Growing up, conversations about sexuality were short and mostly forbidden. At a young age I suffered from chronic depression and constant dissociation, without understanding of what was happening I carried it through the years that followed. Catholicism, symbols, sin and sexual repression were my daily bread during my childhood. Exploration and self-knowledge was conditioned by a god, whom I still fear as an adult. My photographs explore my self-conscious past and my evolution to a sexuality of my own.


The holy hour is defined as the sacred space and time where someone can find their own sanctuary. A sanctuary is considered a space to venerate a sacred image, a deity. This is how I decided to formulate my first photographic project which I titled “sanctuary” (2020 – 2022). In the midst of a pandemic, going through my psychiatric process, a self-exploration and finally the breakdown of a relationship, I decided to create images that did not developed from pain, rather from light. "You are an artist with and without your pain." I made this concrete through the creation of universes full of bodies, characters from my childhood; clowns and vampires, sex and fluids.
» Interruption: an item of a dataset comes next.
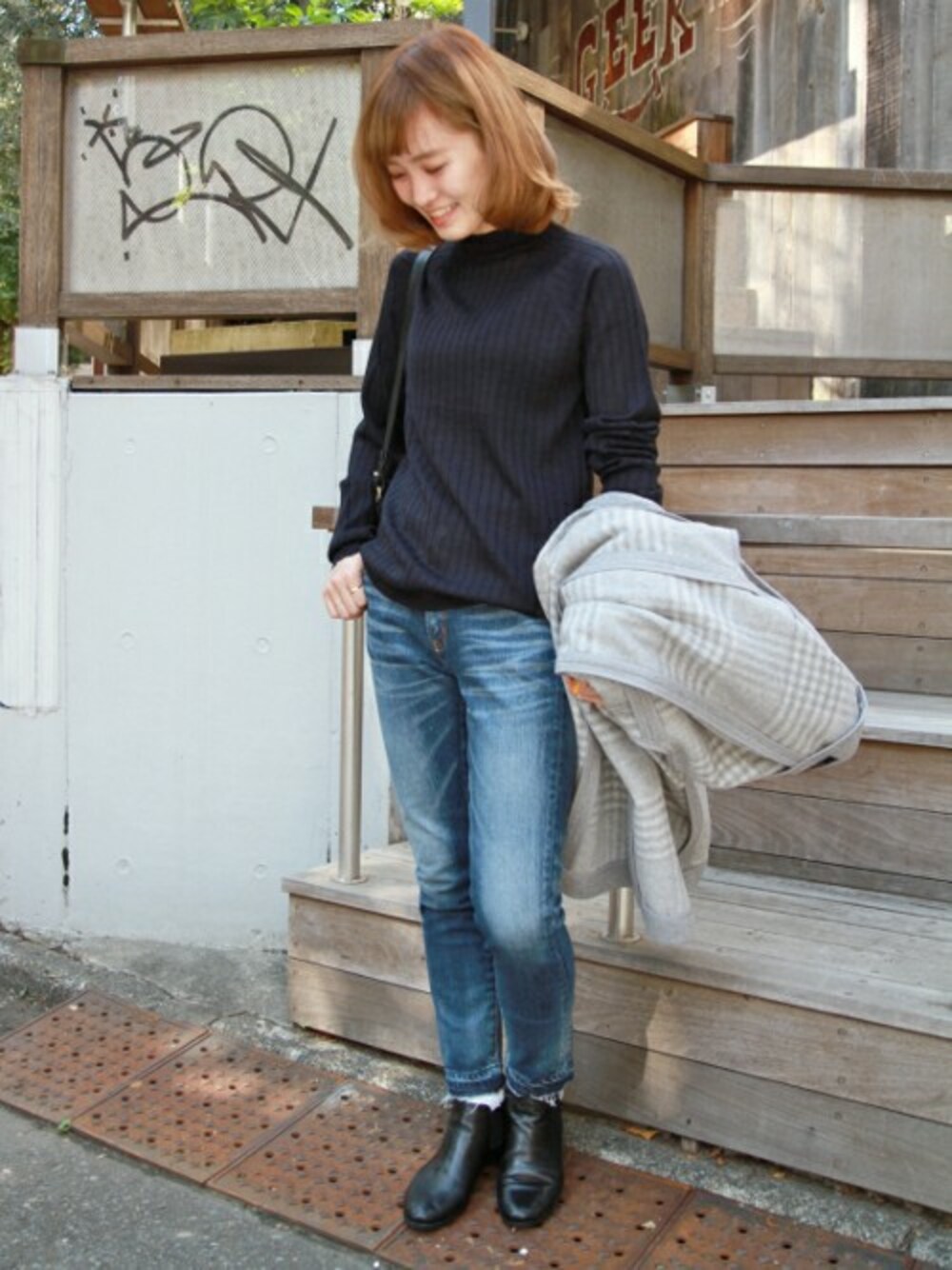 今年人気のワイドリブハイネックニット。 シックなネイビーもシンプルにデニムと合わせカジュアルダウン。 ダブルフェイスのチェスターコートは、脱いだ時のチェック柄がポイントに♪

By portraying other men naked in the face of the vulnerability of a picture, I show them their natural beauty and my vision of who they are to me, thus achieving a relationship of trust. A look at fragile and beautiful images. I focus on rebellion, the happiness the quietud of the world brought me, and a sexuality that was detonated in my body.


The mixture of my own pain, intrigue, pleasure and beauty in these photographs are the compilation of my own venerations to a god that I manage to find in myself and in others, a cult of my own. This project is intended to be compiled into a book, a bible, where the messages and stories behind each photograph can be honored and appreciated. To form a progress of my evolution towards the creation of my own identity. To narrate small stories that guide the viewer to their own.